Apart: Instead of looping multiple times, it is probably better if you do the operations in an integrated manner, i.e. instead of loading the whole dataset, then reducing the whole dataset, just read in the points one by one, and apply the reduction directly, i.e. instead of
load_my_data()
for_each (p : my_data)
result.push_back(p)
for_each (p : result)
reduction.push_back (reduce (p))
Just do
file f ("file")
while (f)
Point p = read_point (f)
reduction.push_back (reduce (p))
If you don't need to store those reductions, simply output them sequentially
file f ("file")
while (f)
Point p = read_point (f)
cout << reduce (p)
code-1 will work fine and is almost the same as code-2, with no major advantages or disadvantages.
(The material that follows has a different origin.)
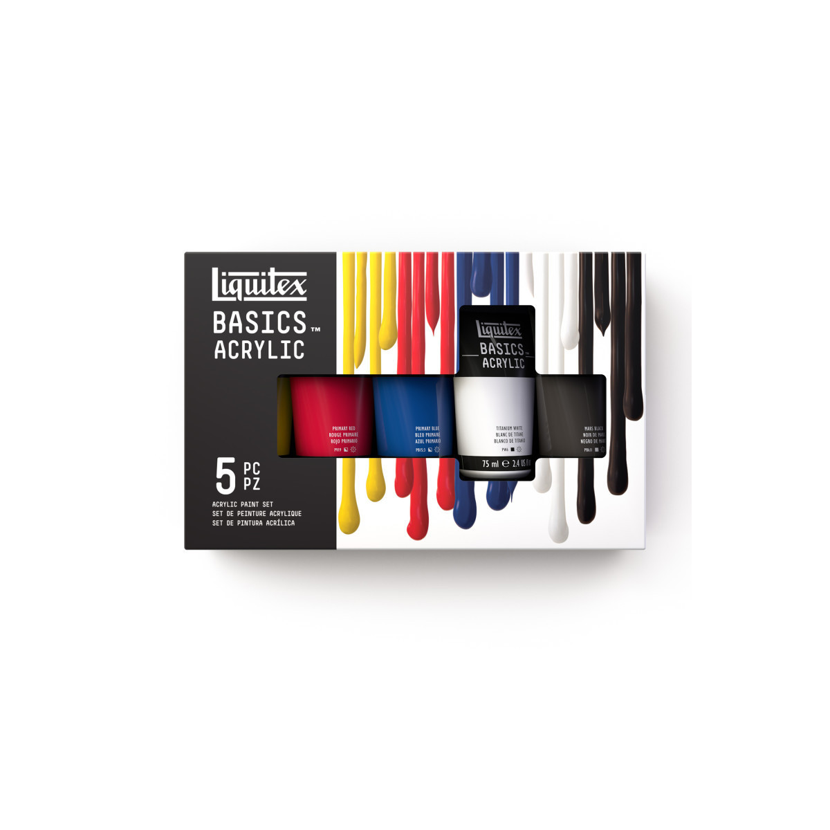 Featuring Liquitex BASICS medium consistency acrylic paint, this set contains five useful colors to help build your palette. Create with confidence using Liquitex BASICS Acrylic Paint, a student-grade acrylic line offering exceptional quality at an accessible price. Formulated with artist-quality pigments, BASICS delivers rich, vibrant color, excellent coverage, and superior lightfastness across all hues. The medium-viscosity formula provides a smooth, buttery texture that’s easy to blend and layer on canvas, wood, paper, or fabric. Ideal for beginners, students, and educators, this versatile paint is water-based, non-toxic, and intermixable with all Liquitex professional colors and mediums. Once dry, it forms a flexible, durable surface that resists cracking and fading.
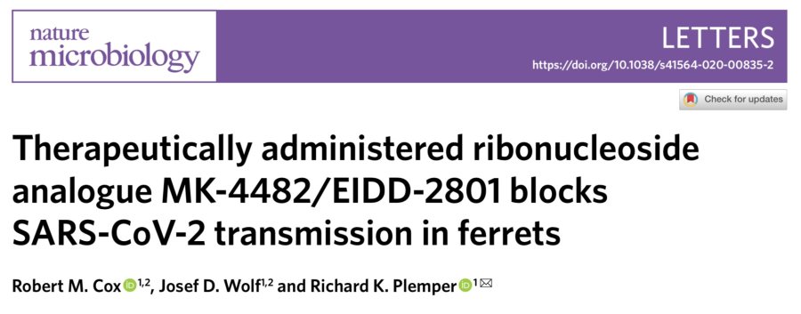 该论文题为“Therapeutically administered ribonucleoside analogue MK-4482/EIDD-2801 blocks SARS-CoV-2 transmission in ferrets”,通讯作者为美国乔治亚州立大学的Richard Plemper。

code03 Somebody else should answer that but i believe the difference between a pointer and a reference in this case would be marginal, I do prefer pointers though.
That being said, I think you might be approaching the optimization from the wrong angle. Do you really need all points to compute the output of a point in your first loop? Or can you rewrite your algorithm to read only one point, compute the value as you would in your first loop and then use it immediately the way you want to? Maybe not with single Points, but with batches of points. That could potentially cut back on your memory require quite a bit with only a small increase in processing time.